Dataset excerpts>
--- START ---

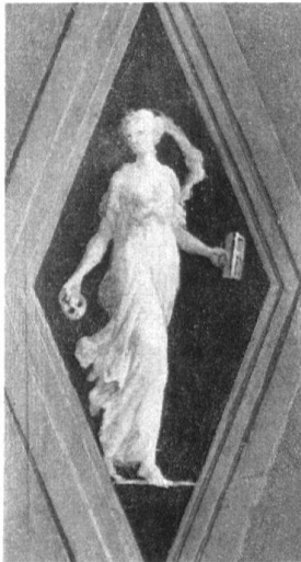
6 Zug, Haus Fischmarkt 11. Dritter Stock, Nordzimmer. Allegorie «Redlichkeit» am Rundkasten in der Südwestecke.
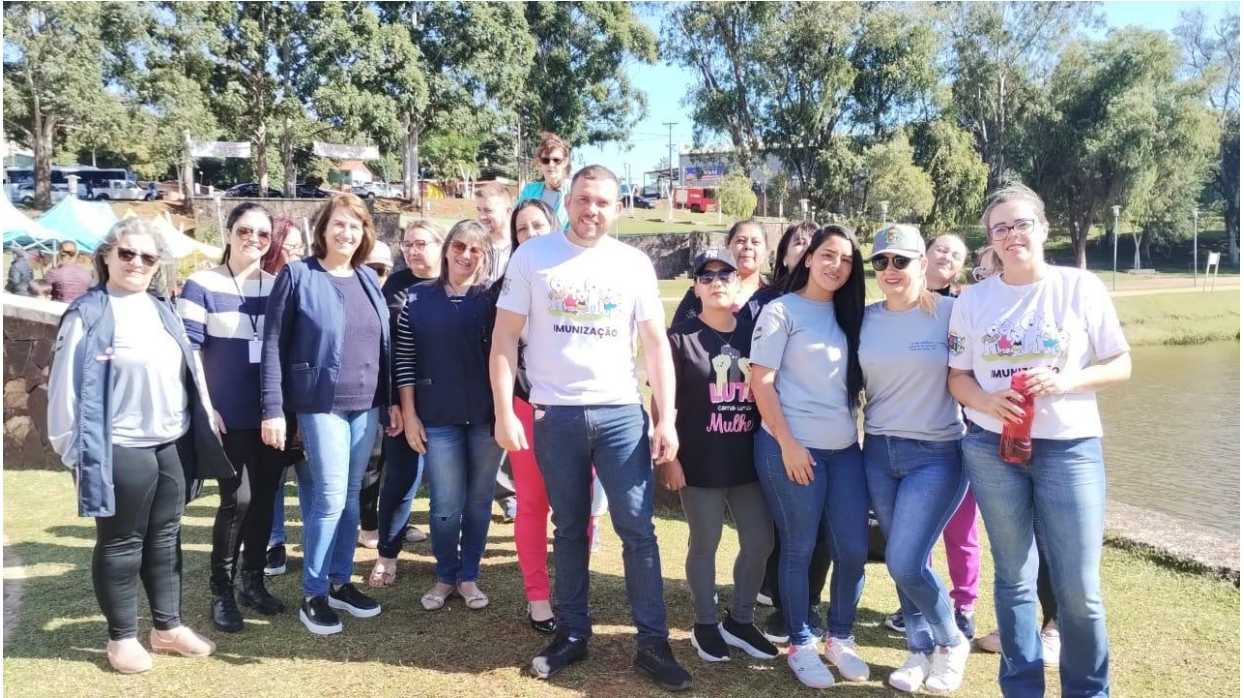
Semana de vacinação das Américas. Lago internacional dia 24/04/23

--- END ---
--- START ---

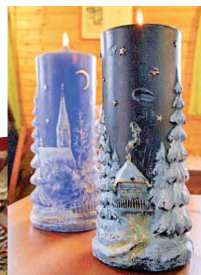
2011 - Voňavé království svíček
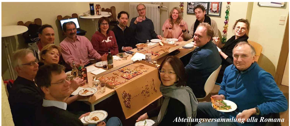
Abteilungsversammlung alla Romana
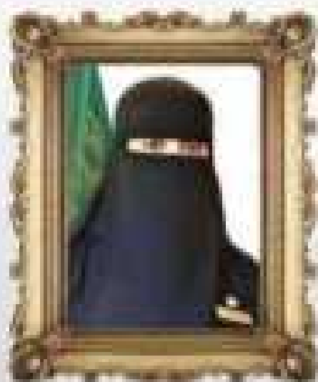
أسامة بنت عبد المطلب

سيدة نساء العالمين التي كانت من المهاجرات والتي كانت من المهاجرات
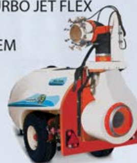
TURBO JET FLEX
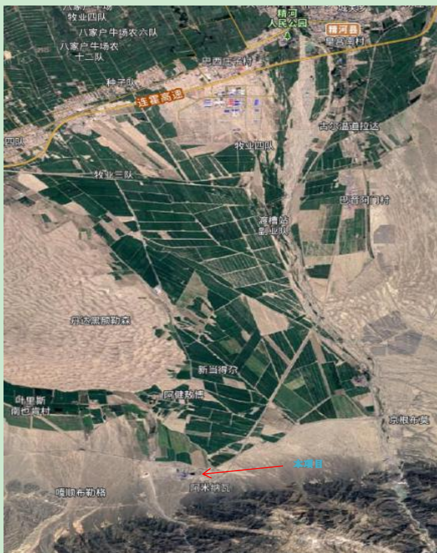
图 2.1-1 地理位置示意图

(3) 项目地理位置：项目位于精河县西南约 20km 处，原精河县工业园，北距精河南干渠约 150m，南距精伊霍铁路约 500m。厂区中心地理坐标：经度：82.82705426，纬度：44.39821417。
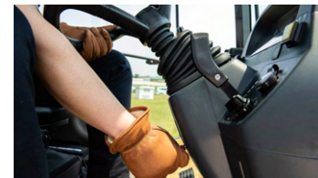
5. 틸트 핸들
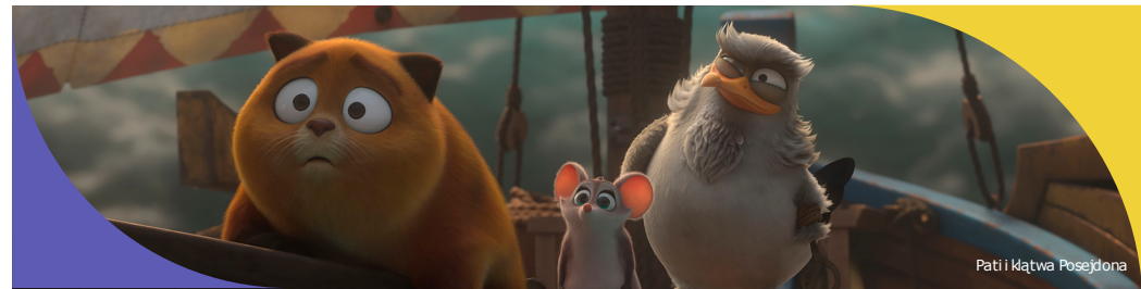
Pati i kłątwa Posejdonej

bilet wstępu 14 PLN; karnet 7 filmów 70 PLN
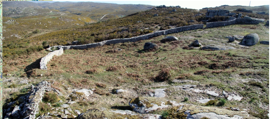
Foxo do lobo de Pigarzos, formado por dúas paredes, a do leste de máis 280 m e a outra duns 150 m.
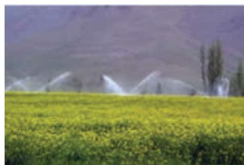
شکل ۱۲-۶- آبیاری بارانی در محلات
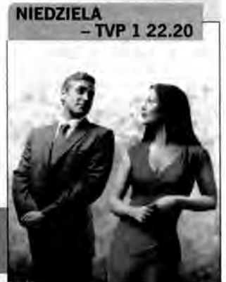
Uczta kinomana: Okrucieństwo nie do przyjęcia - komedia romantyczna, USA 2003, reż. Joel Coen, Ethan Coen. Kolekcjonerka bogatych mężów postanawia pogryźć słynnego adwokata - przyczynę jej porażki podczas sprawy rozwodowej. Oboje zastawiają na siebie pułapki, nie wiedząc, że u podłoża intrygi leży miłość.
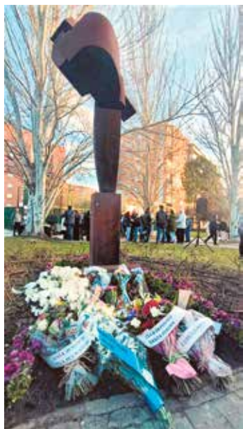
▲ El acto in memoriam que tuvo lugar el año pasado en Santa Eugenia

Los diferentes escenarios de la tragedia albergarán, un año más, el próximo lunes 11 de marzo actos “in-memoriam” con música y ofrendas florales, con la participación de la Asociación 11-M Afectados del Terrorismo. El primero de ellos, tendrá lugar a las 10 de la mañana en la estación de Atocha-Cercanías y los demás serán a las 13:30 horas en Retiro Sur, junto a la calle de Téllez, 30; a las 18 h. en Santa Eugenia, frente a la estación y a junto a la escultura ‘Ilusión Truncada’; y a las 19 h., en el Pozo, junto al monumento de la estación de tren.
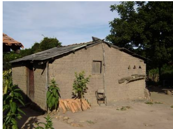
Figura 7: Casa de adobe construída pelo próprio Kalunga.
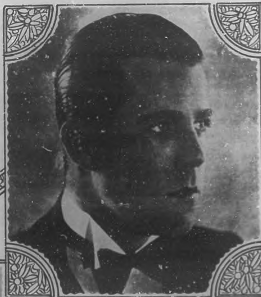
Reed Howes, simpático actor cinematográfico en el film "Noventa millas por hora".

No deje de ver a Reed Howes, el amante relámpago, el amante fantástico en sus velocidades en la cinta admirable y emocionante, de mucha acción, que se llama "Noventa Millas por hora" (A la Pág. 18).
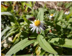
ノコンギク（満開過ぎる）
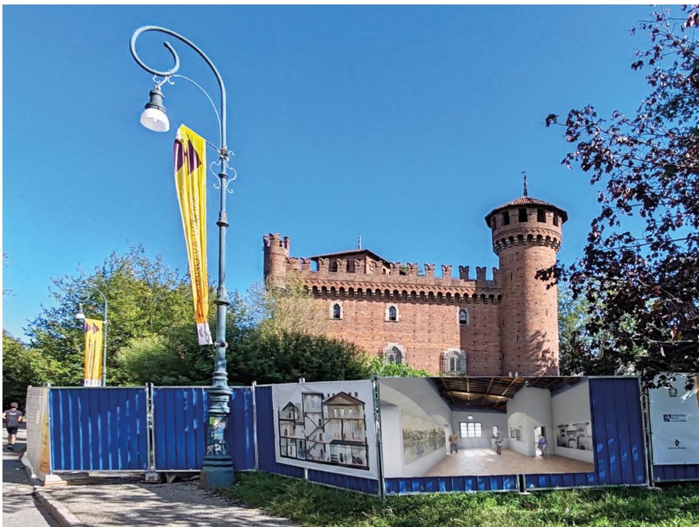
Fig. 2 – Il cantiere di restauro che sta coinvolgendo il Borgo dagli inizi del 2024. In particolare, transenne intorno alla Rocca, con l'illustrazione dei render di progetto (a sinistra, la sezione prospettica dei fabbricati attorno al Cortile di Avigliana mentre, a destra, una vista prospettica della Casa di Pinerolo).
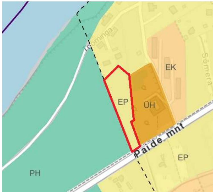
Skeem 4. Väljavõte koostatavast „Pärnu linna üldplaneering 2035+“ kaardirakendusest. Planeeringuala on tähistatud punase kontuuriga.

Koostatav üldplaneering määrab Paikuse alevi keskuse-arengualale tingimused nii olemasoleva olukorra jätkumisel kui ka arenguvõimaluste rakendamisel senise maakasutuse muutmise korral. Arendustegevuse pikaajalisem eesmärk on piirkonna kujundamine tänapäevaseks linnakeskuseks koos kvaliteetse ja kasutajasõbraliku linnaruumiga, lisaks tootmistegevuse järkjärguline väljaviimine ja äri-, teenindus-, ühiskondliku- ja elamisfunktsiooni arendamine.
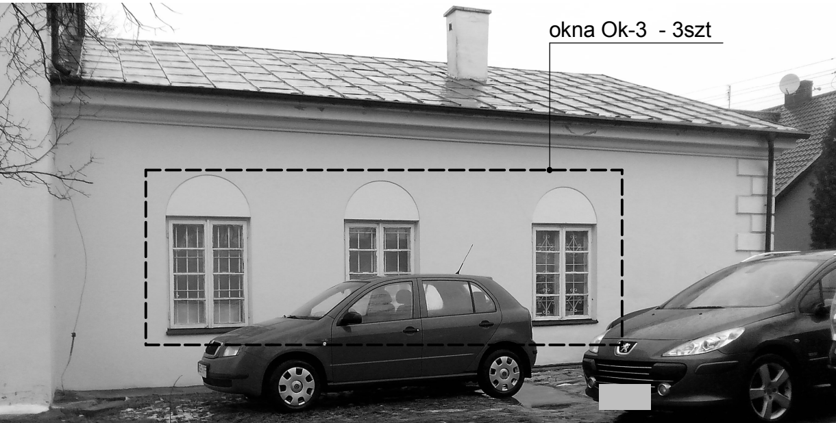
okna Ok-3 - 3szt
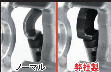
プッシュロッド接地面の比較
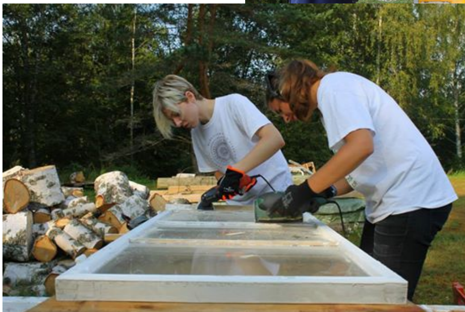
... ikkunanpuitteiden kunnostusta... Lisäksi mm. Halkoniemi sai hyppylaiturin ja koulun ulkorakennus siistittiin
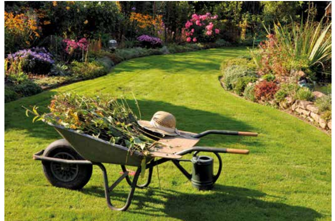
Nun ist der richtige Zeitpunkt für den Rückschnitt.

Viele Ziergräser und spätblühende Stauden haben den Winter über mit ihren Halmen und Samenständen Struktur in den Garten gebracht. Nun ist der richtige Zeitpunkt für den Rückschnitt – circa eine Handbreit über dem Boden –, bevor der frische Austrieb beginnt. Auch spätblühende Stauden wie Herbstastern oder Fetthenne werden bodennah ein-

--- END ---
--- START ---

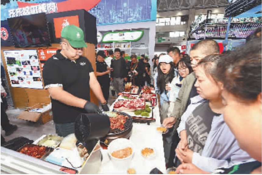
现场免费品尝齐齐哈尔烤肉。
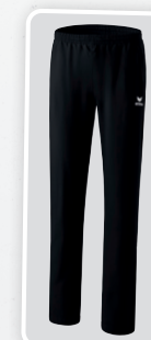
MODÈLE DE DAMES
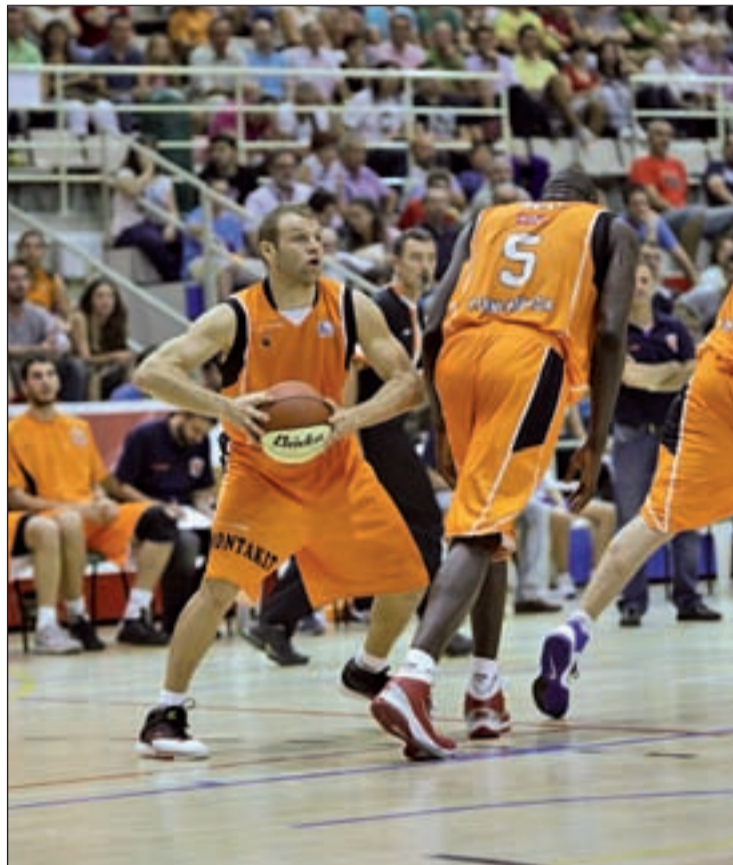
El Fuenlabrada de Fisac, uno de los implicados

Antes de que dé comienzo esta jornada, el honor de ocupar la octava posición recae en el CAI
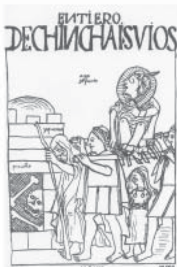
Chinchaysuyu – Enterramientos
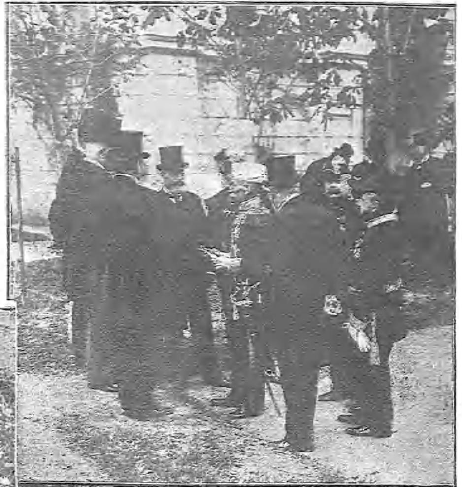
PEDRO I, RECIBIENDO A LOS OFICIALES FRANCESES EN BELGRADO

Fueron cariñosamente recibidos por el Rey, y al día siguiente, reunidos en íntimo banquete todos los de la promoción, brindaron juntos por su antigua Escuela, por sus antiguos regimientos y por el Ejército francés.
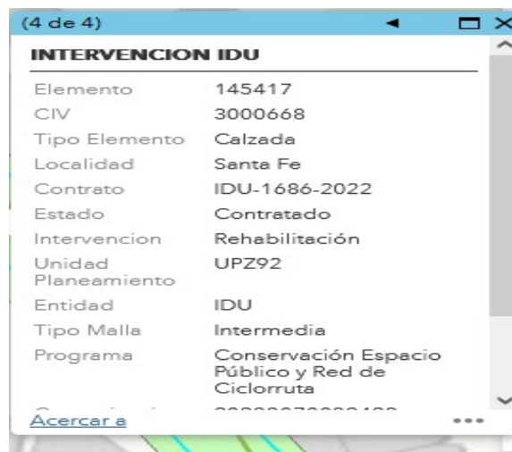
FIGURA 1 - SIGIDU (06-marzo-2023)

--- END ---

Try it> From the material above, give again exactly the lines from the one that contains "TURBO JET FLEX" through the one that contains "ノコンギク（満開過ぎる）", and leave out the pictures.

Response to this exercise>
TURBO JET FLEX
图 2.1-1 地理位置示意图

(3) 项目地理位置：项目位于精河县西南约 20km 处，原精河县工业园，北距精河南干渠约 150m，南距精伊霍铁路约 500m。厂区中心地理坐标：经度：82.82705426，纬度：44.39821417。
5. 틸트 핸들
Pati i kłątwa Posejdonej

bilet wstępu 14 PLN; karnet 7 filmów 70 PLN
Foxo do lobo de Pigarzos, formado por dúas paredes, a do leste de máis 280 m e a outra duns 150 m.
شکل ۱۲-۶- آبیاری بارانی در محلات
Uczta kinomana: Okrucieństwo nie do przyjęcia - komedia romantyczna, USA 2003, reż. Joel Coen, Ethan Coen. Kolekcjonerka bogatych mężów postanawia pogryźć słynnego adwokata - przyczynę jej porażki podczas sprawy rozwodowej. Oboje zastawiają na siebie pułapki, nie wiedząc, że u podłoża intrygi leży miłość.
▲ El acto in memoriam que tuvo lugar el año pasado en Santa Eugenia

Los diferentes escenarios de la tragedia albergarán, un año más, el próximo lunes 11 de marzo actos “in-memoriam” con música y ofrendas florales, con la participación de la Asociación 11-M Afectados del Terrorismo. El primero de ellos, tendrá lugar a las 10 de la mañana en la estación de Atocha-Cercanías y los demás serán a las 13:30 horas en Retiro Sur, junto a la calle de Téllez, 30; a las 18 h. en Santa Eugenia, frente a la estación y a junto a la escultura ‘Ilusión Truncada’; y a las 19 h., en el Pozo, junto al monumento de la estación de tren.
Figura 7: Casa de adobe construída pelo próprio Kalunga.
Reed Howes, simpático actor cinematográfico en el film "Noventa millas por hora".

No deje de ver a Reed Howes, el amante relámpago, el amante fantástico en sus velocidades en la cinta admirable y emocionante, de mucha acción, que se llama "Noventa Millas por hora" (A la Pág. 18).
ノコンギク（満開過ぎる）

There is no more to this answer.